▸ **DATASET ENTRIES**:
++++++++++

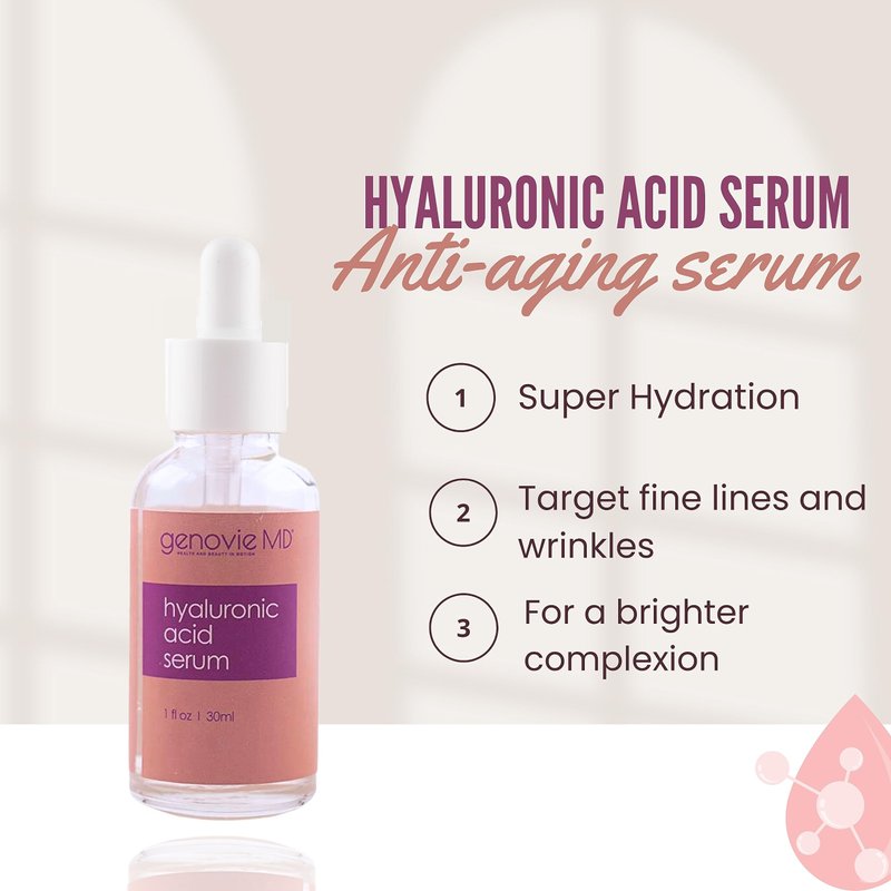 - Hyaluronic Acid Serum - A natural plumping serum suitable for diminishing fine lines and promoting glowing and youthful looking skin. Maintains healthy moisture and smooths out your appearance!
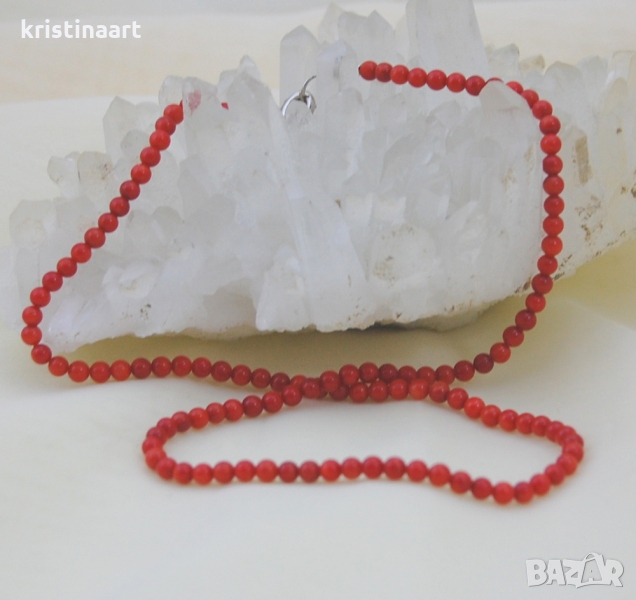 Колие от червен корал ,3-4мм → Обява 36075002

++++++++++

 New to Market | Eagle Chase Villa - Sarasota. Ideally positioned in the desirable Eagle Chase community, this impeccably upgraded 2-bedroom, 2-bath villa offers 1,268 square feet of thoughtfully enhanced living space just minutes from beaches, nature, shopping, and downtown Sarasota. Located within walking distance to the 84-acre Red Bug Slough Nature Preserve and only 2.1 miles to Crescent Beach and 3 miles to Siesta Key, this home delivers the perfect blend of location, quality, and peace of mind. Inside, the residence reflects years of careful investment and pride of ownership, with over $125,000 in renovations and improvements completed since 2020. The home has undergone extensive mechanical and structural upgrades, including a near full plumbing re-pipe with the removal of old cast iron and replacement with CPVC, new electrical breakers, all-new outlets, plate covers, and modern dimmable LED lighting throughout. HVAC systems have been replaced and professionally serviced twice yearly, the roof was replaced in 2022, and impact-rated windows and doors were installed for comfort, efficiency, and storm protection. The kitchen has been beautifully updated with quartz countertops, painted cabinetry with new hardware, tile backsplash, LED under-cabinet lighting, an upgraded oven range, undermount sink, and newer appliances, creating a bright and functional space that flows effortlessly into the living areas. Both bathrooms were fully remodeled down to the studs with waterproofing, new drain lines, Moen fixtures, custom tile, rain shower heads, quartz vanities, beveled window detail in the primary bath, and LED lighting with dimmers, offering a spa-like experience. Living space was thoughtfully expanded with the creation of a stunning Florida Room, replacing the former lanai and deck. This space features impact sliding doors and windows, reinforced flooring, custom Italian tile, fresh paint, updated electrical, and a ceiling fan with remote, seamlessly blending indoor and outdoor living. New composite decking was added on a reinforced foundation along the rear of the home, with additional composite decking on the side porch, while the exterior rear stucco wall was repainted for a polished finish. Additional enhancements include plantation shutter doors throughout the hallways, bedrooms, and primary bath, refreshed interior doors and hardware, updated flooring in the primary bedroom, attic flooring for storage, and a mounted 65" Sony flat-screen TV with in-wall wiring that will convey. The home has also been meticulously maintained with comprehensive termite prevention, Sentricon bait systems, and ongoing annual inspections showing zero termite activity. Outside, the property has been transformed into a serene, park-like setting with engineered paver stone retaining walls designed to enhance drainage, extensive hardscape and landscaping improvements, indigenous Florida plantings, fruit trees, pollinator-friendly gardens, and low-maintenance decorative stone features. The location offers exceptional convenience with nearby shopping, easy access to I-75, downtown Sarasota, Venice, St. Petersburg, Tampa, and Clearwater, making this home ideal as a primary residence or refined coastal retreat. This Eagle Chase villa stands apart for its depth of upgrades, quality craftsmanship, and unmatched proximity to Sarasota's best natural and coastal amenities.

++++++++++

Return exactly the part of the listing above that opens with the line containing "- Hyaluronic Acid" and closes with the line containing "Колие от червен". Pictures stay out.

▸ **ANSWER TO THIS TASK**:
 - Hyaluronic Acid Serum - A natural plumping serum suitable for diminishing fine lines and promoting glowing and youthful looking skin. Maintains healthy moisture and smooths out your appearance!
 Колие от червен корал ,3-4мм → Обява 36075002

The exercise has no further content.